__WORK ORDER__
Print only the lines running from the line with "This bingo card" to the final line below, both included, exactly as written and without the pictures.

__DATA PROVIDED__
---
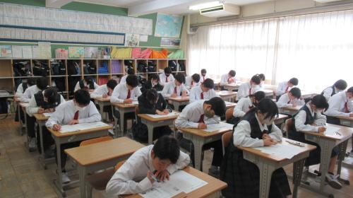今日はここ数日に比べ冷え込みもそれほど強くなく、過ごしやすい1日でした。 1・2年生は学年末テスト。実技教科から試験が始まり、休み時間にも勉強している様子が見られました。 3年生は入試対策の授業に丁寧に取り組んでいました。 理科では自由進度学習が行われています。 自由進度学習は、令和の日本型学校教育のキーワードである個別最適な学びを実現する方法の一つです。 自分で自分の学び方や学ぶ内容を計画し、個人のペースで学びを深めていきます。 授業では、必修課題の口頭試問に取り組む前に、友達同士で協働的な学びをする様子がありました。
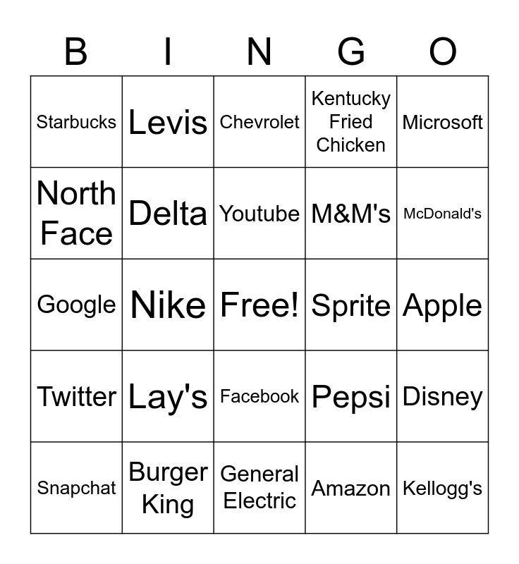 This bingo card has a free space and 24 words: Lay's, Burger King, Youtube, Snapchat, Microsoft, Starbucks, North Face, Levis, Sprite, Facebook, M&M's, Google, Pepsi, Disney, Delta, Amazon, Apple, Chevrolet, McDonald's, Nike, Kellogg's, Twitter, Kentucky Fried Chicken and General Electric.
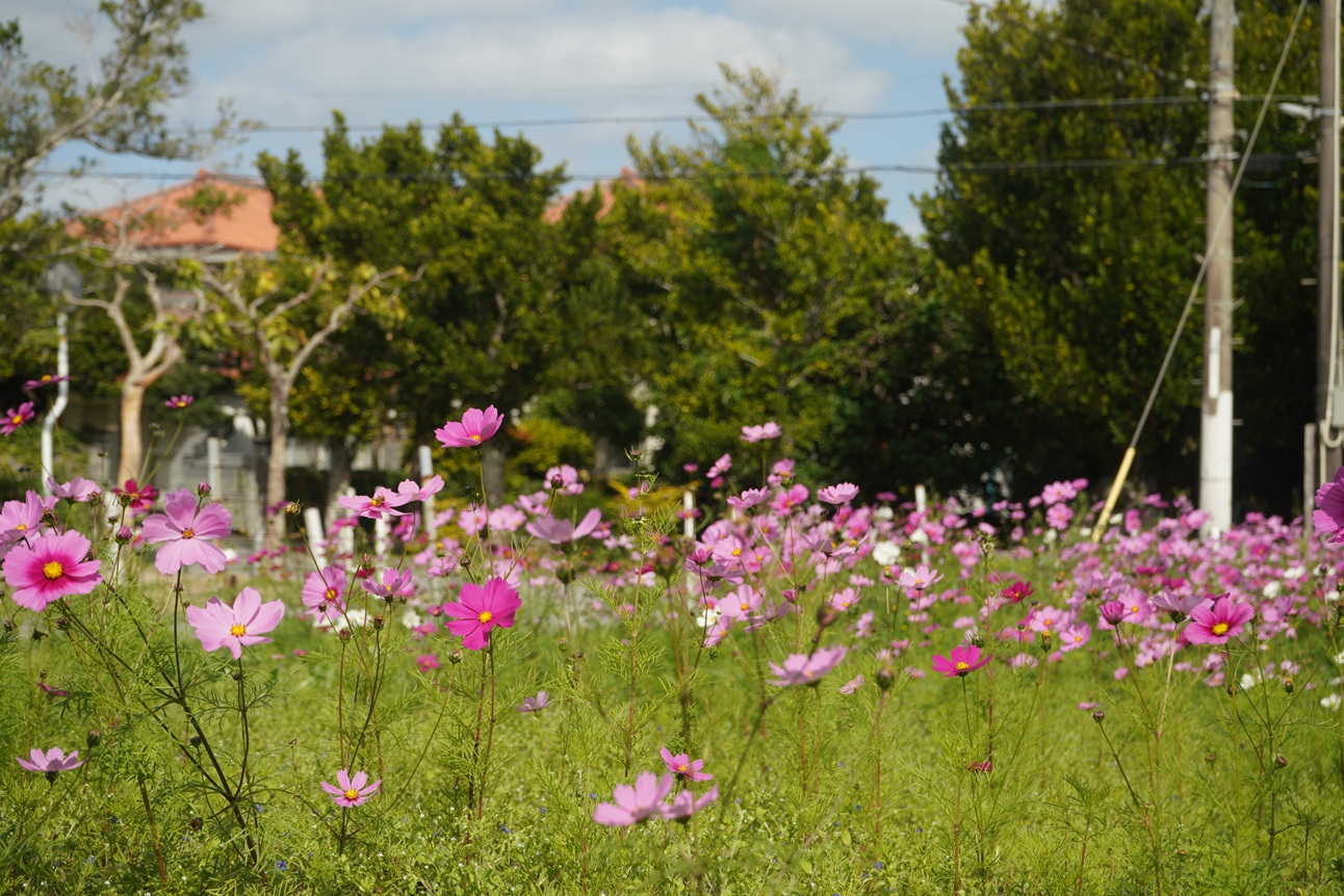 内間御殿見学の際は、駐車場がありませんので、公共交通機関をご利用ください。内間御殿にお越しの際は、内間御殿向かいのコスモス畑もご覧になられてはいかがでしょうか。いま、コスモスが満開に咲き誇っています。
---
__SOLUTION FOR THIS PROBLEM__
 This bingo card has a free space and 24 words: Lay's, Burger King, Youtube, Snapchat, Microsoft, Starbucks, North Face, Levis, Sprite, Facebook, M&M's, Google, Pepsi, Disney, Delta, Amazon, Apple, Chevrolet, McDonald's, Nike, Kellogg's, Twitter, Kentucky Fried Chicken and General Electric.
 内間御殿見学の際は、駐車場がありませんので、公共交通機関をご利用ください。内間御殿にお越しの際は、内間御殿向かいのコスモス畑もご覧になられてはいかがでしょうか。いま、コスモスが満開に咲き誇っています。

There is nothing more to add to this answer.